Hari Anak Nasional
DP3A Papua: Anak Berhak untuk Divaksin
Dalam konteks pandemi Covid-19, hak seorang anak untuk memperoleh perlindungan dan kesehatan, salah satunya dengan divaksinasi.
TRIBUN-PAPUA.COM, JAYAPURA - Anak punya hak untuk divaksinasi pada masa pandemi Covid-19. Hal ini diatur dalam Undang-undang (UU) Perlindungan Anak Tahun 2002 tentang Hak dan Kewajiban Anak.
Demikian disampaikan Perwakilan Dinas Pemberdayaan Perempuan dan Perlindungan Anak (DP3A) Provinsi Papua, Yosephine Wandosa saat menjadi narasumber dalam Webinar Hari Anak Nasional 2021, bertajuk literasi gizi anak demi terlindungi dari Covid-19 dan permasalahan gizi, Jumat (23/7/2021).
"Setiap anak itu punya hak untuk diberikan vaksinasi, apabila orangtua melarang, maka melanggar hak asasi anak sebagai seorang individu," katanya.
Yosephine menjelaskan, pada Pasal 8 UU tersebut, setiap anak berhak memperoleh pelayanan kesehatan, termasuk vaksinasi Covid-19.
Baca juga: Satgas Covid-19 Kota Sorong Tangkap Penumpang Pesawat yang Bawa Kartu Vaksin dan Surat PCR Palsu
Baca juga: Yosephine Wandosa: Anak Punya Hak untuk Vaksin Covid-19
Dikatakan, pemberian layanan kesehatan yang terbaik kepada seorang anak, tidak mesti selalu berdasarkan perspektif orangtua.
"Seorang anak memiliki hak individu dan menentukan pilihannya, orangtua hanya sebagai pendamping dan mengarahkan," ujarnya.
Berbicara soal hak anak, tegas dia, bukanlah isu yang baru. Sebab sejak tahun 1923, sudah ada rilis 10 hak anak yang dikemukakan aktivis perempuan di dunia.

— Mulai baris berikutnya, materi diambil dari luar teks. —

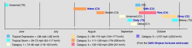 Tropical cyclogenesis began early, an unnamed tropical storm developing on June 1. However, activity ceased for nearly two months, before Arlene formed on July 31. Another system formed in August, Hurricane Beulah. September was much more active, with Cindy, Debra,[2] an unnumbered tropical depression.[7]: 270–271  Edith, and Flora all developing in that month. Flora was the most intense tropical cyclone of the season, peaking as a Category 4 hurricane with winds of 150 mph (240 km/h) and a minimum barometric pressure of 933 mbar (27.55 inHg). There were two other system in October, Hurricane Ginny and Tropical Storm Helena; the latter dissipated on October 30.[2]

Adapun hak anak yang disuarakan; hak akan nama dan kewarganegaraan, kebangsaan, persamaan dan non diskriminasi, perlindungan, bermain, serta rekreasi.
Selanjutnya dalam deklarasi aktivis perempuan itu, seorang anak punya hak akan mendapatkan makanan, kesehatan, dan berpartisipasi dalam pembangunan.
"Dalam konteks pandemi Covid-19, hak seorang anak untuk memperoleh perlindungan dan kesehatan, salah satunya dengan divaksinasi," tambahnya.
Sebelumnya, Presiden RI Joko Widodo dan pihak otoritas Kementerian Kesehatan, telah mengizinkan vaksinasi Covid-19 bagi anak usia 12-17 tahun.
Kebijakan itu diambil setelah adanya izin penggunaan darurat (emergency use authorization) dari Badan Pengawas Obat dan Makanan untuk Vaksin Sinovac. (*)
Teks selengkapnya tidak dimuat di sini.